Figure 1.

Images of experimental procedures. (A) Measurement of area and volume. Cells are aspirated with sufficient pressure to form a spherical portion outside the pipette and a cylindrical projection within the pipette. The outer diameter of the spherical part and the length of the projection are used to calculate area and volume from the given equations. (B) Membrane shear modulus is determined by measuring the length of the cell projection in the pipette as a function of small increases in pressure. Cells with and without nuclei from an E15.5 sample are shown. (C) The stability of the bilayer skeletal interaction is measured by forming tethers from the cell surface. The cell is aspirated into the pipette and allowed to adhere to a target bead held at the tip of a microcantilever. The deflection of the cantilever from its rest position provides a measure of the tethering force.
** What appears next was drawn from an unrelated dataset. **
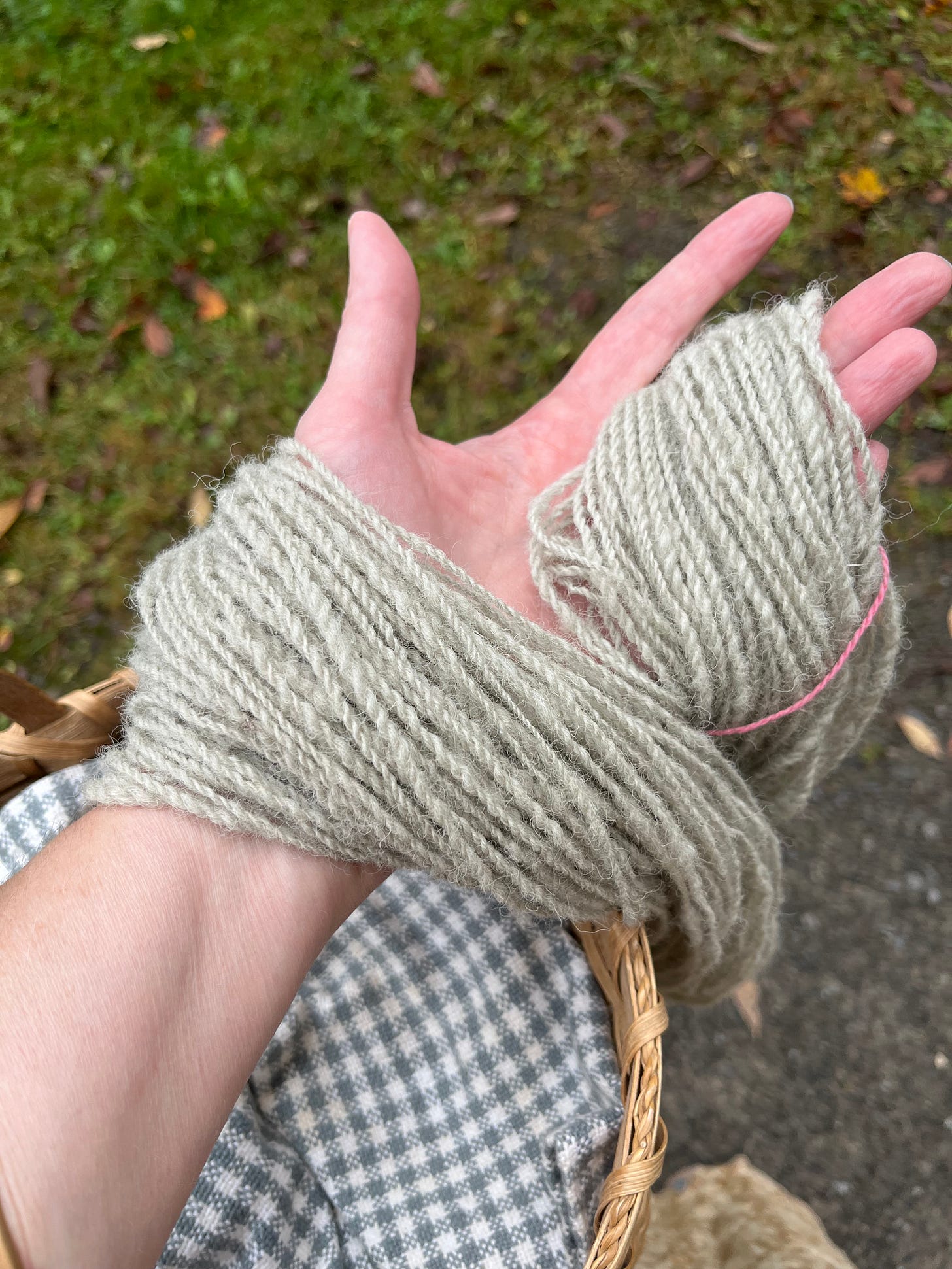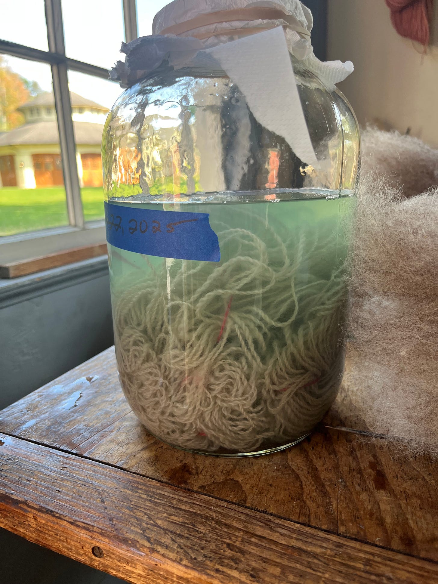 Step four: when the liquid is blue-green-ish, add yarn. This was handspun that came from the Fenimore Farm’s sheep, who may or may not be mostly a Cheviot-Merino cross.2

Changes in the aspiration pressure holding the cell in the pipette results in changes in the membrane tension. (A, B) Images obtained using a Nikon TE2000-E [436 nm monochromatic illumination, 100× 1.45 NA oil-immersion objective], Roper Quantem512SC digital camera, and Elements software (Nikon Instruments, Melville, NY); scale bar = 5 μm. (C) Images obtained with Olympus I×70 microscope [with 40 × 0.6 NA objective, 436 nm monochromatic illumination] and Hamamatsu C2400 CCD camera with background subtraction and brightness and contrast adjustments; scale bar =10 μm.)